MongoDB Collections & Indexing

Collection	Key Fields	Recommended Indexes	Notes
`drivers`	`_id, driverId, email, location(lat,lng), rating, videoPath`	`email` (unique), `driverId` (unique), (future) `2dsphere` on `location`	Cached search results in Redis via `driver:search:{q}`; summary cache `driver:summary:{driverId}`.
`customers`	`_id, customerId, email, address, rating`	`email` (unique), `customerId` (unique)	Card data should be tokenized (never store PAN).
`rides`	`_id, rideId, driverId, customerId, status, dateTime, pickup/dropoff.lat/lng`	`rideId` (unique), `driverId`, `customerId`, `status`, `dateTime`, (future) `2dsphere` on pickup/dropoff	Hot path for dashboards; `rides:byDriver:{driverId}` cache with TTL.
`billing`	`_id, billingId, rideId, driverId, customerId, predictedPrice, actualPrice, status`	`rideId` (unique), `driverId`, `customerId`, `status`, `createdAt`	Idempotency by `rideId` (prevents duplicate bills from repeated events).
`reviews`	`_id, rideId, reviewerId, revieweeId, reviewerType, rating`	`rideId`, `revieweeId`, `rating`	Used to compute rating aggregates in app/service layer.
`media`	`_id, rideId, ownerId, path, type, sizeBytes, contentType`	`rideId`, `ownerId`, `type`, `createdAt`	Store only metadata in DB; file on disk or S3; serve via signed URLs/range.

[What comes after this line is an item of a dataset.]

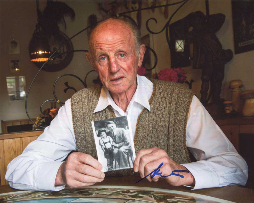 IP signed photograph, shows Gerhard Bartels with a photograph of him next to Adolf Hitler (in early years), 10 x 8 inch, signed by Gerhard Bartels in blue felt tip, obtained In-Person, in very fine condition.
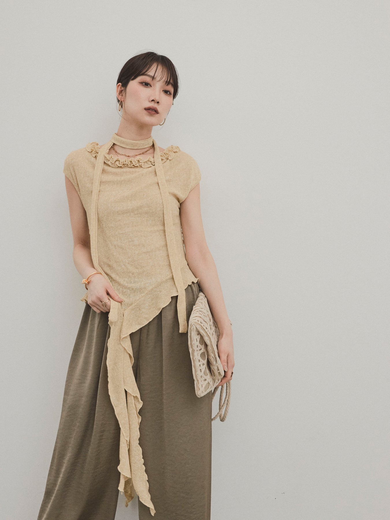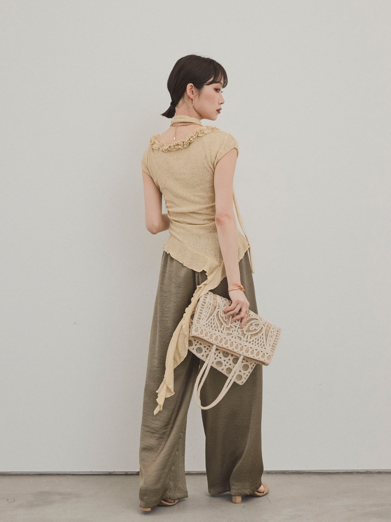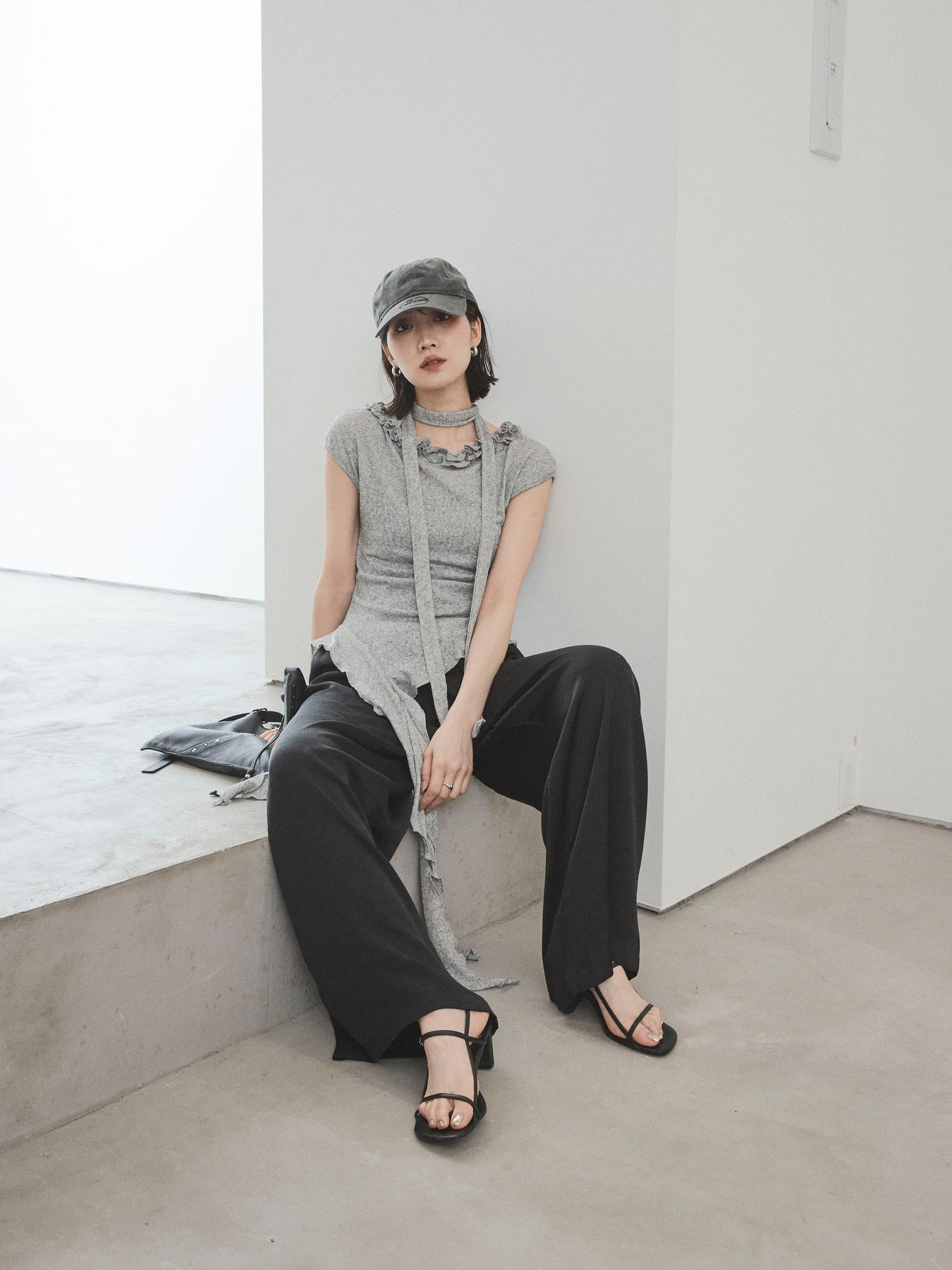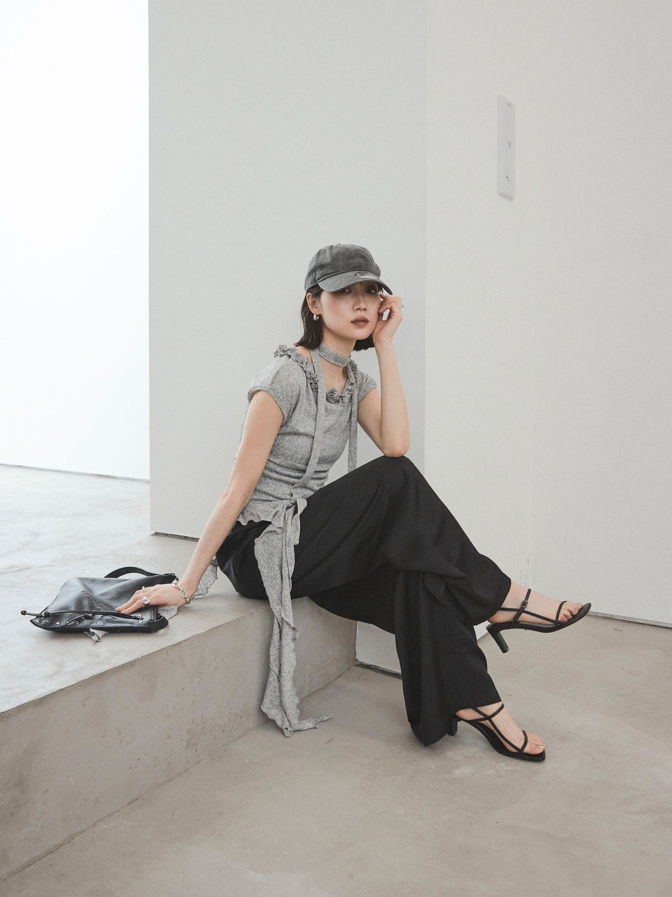 [SET]ラッフルシアーニットタンクトップ+サテンイージーパンツ(2set)

Idempotency & Referential Integrity

Billing Idempotency

billing.rideId is unique.
Kafka consumer performs upsert by rideId to avoid duplicate bills when the ride-completed event is replayed.

Ride Lifecycle Checks

Validate legal status transitions:
- requested → accepted → in_progress → completed
- Prevent double completion or invalid jumps (e.g., in_progress → canceled).

Foreign Keys (Logical)

rides.driverId and rides.customerId must reference existing documents.
Enforce via pre-create checks in services (and optional MongoDB schema validation).

Validation & Security

Passwords: store bcrypt hashes (never plain text).
Emails & IDs: validate on input; email uniqueness enforced at DB-level.
Coordinates: lat ∈ [-90, 90], lng ∈ [-180, 180].
Reviews: enforce rating ∈ [1..5].
Media: enforce content types & size limits on upload; sanitize filenames; store paths only.
JWT: required for protected endpoints; role claims (admin|driver|customer) checked per route.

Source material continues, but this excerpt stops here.